Mainstream Media Beat the Drums for War With Iran

As Gaza continues to crumble and Gazans continue to starve, one might have been forgiven for expecting our mainstream press to cover the United States’ and Israel’s lurch toward war with Iran cautiously, minding the exorbitant costs of vindicating state violence. A close survey of five national news organizations’ coverage of the bombings of Iran, however, reveals reflexively hawkish tones and tactics reminiscent of media reportage in the months preceding Iraq’s invasion twenty-two years ago.

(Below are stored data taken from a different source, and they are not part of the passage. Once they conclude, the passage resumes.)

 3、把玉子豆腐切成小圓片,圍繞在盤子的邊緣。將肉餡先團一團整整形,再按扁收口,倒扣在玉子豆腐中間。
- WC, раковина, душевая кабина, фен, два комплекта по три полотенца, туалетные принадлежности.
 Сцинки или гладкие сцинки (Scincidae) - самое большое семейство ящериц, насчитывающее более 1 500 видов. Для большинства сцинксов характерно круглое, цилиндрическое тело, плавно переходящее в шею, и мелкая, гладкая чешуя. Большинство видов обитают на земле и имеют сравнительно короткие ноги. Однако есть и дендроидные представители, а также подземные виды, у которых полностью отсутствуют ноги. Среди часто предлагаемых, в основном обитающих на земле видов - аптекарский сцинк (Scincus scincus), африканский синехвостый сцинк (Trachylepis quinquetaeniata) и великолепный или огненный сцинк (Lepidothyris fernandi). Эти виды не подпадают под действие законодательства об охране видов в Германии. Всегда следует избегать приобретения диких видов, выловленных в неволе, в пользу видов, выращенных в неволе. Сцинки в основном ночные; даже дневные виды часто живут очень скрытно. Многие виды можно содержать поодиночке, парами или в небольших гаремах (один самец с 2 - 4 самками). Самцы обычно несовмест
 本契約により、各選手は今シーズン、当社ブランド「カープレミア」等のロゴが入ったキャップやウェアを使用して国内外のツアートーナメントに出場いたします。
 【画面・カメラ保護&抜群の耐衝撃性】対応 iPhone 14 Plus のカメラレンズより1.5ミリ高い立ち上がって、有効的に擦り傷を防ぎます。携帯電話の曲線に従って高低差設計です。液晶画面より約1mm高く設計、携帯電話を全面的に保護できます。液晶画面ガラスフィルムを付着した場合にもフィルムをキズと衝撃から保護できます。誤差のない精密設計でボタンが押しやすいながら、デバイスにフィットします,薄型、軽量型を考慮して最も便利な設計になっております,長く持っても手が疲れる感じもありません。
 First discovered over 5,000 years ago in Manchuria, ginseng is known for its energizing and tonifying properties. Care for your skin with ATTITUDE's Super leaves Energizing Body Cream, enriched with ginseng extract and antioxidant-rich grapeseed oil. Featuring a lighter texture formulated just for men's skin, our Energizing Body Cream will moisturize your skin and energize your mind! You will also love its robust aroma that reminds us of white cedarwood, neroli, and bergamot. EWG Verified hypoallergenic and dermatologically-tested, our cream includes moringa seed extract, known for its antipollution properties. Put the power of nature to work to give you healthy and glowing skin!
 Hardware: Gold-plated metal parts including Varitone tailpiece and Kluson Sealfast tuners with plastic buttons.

When the Trump administration carried out shock-and-awe bombings of Iran’s nuclear facilities on June 21, just over a week after Israel launched preemptive strikes on hundreds of locations inside Iran, the Washington Post, the New York Times, the Wall Street Journal, CNN, and the Associated Press published flurries of articles and editorials that ignored historical and recent context unfavorable to the United States and Israel. Instead, they supplied a lopsided picture hinging on the premise that Iran is a “malignactor, infinitely less deserving of nuclear arms than either of the ultramodern military allies bombing it. Accompanying this premise came the (perhaps less intentional) one that the Iranian government and citizenry are undeserving of sensitive, impartial analysis.

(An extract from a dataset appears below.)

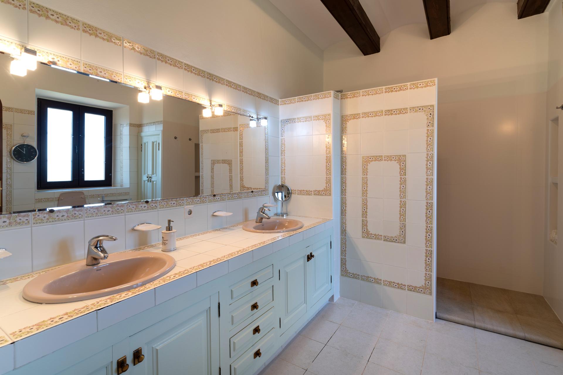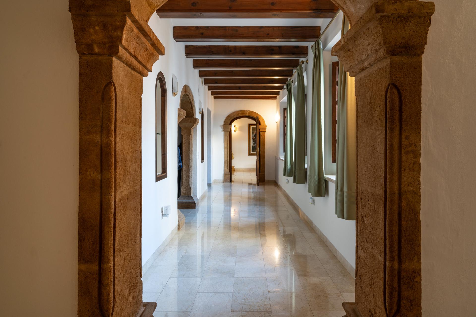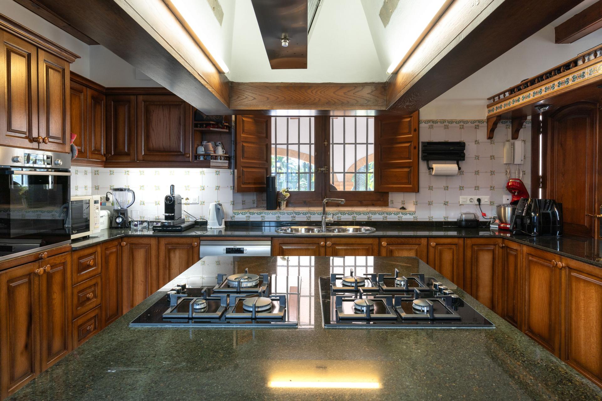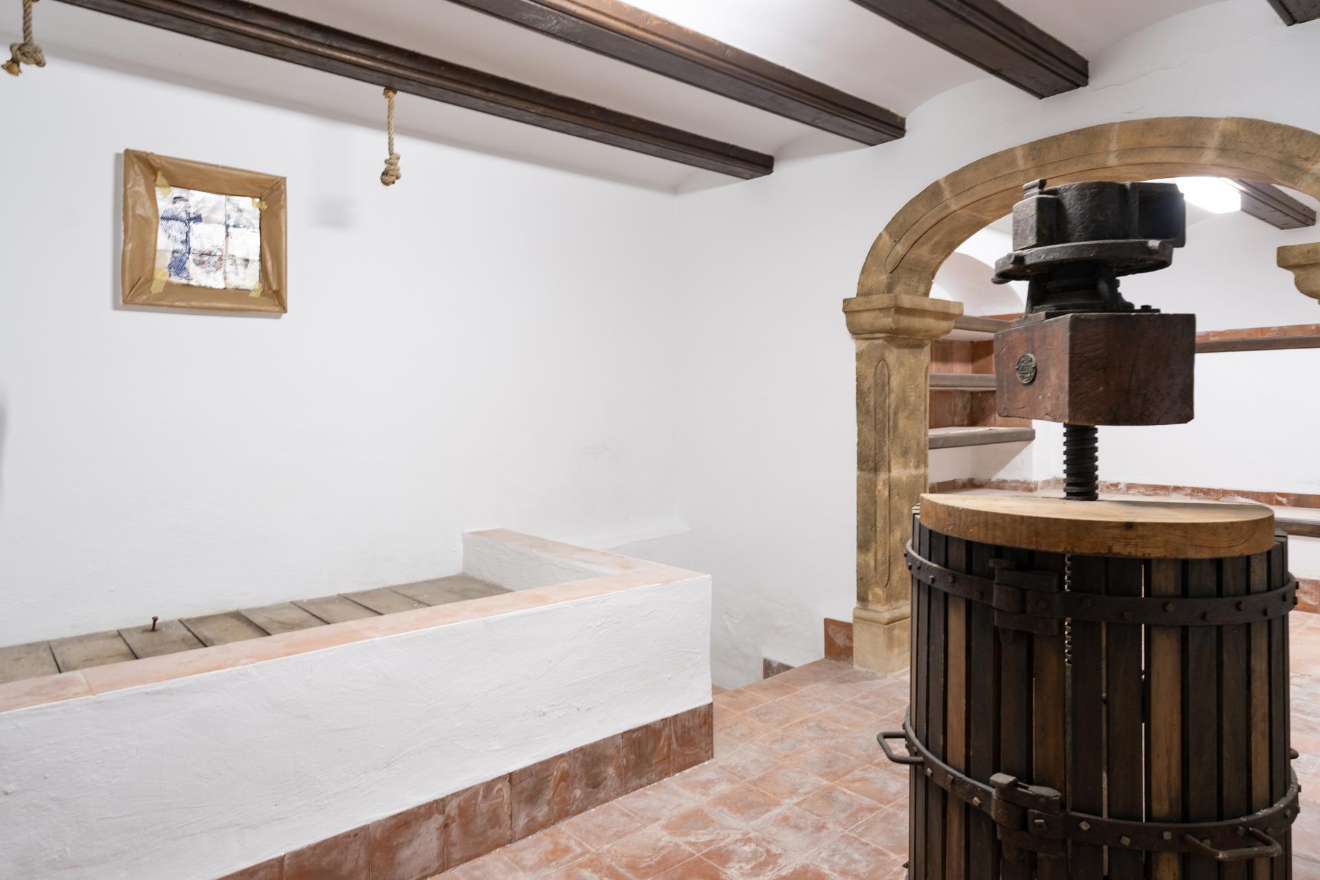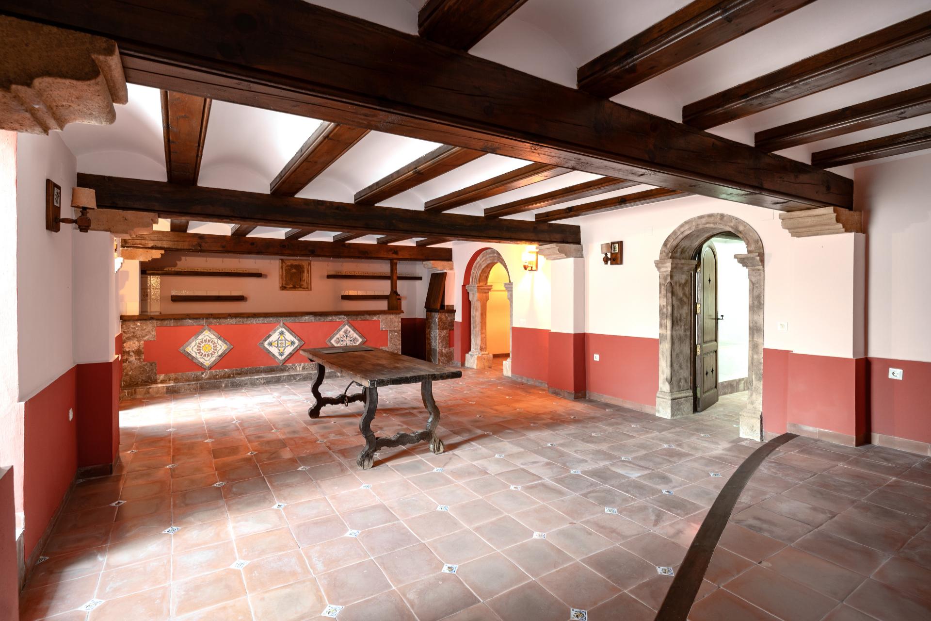 Interior Layout With over 1,000m² of living space, the villa offers generous proportions and exceptional flow. The main residence features 13 spacious bedrooms and several formal and informal living rooms, each accented by soaring beamed ceilings, hand-crafted woodwork, and intricate stone detailing. A grand dining room flows seamlessly into the living area, where a statement fireplace anchors the room. The kitchen, traditionally styled yet fully equipped, features a large central island and charming tilework. The wine bodega, situated in a genuine basement, adds an exclusive and functional dimension to the home’s entertaining potential.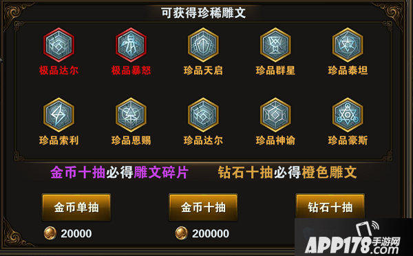雕文获取途径分别有金币单抽抽、十连抽,还有钻石十连抽,雕文品质分为3种红色品级做好!

Over the twelve days in June during which Israel and Iran traded missile fire, the five foregoing news organizations largely shrugged off basic journalistic covenants that might have been seen as favorable to Iran. Absent from the coverage was scrutiny of the legality or validity of assassinations, civilian deaths, infrastructural damage, and threats of regime change within the Islamic republic.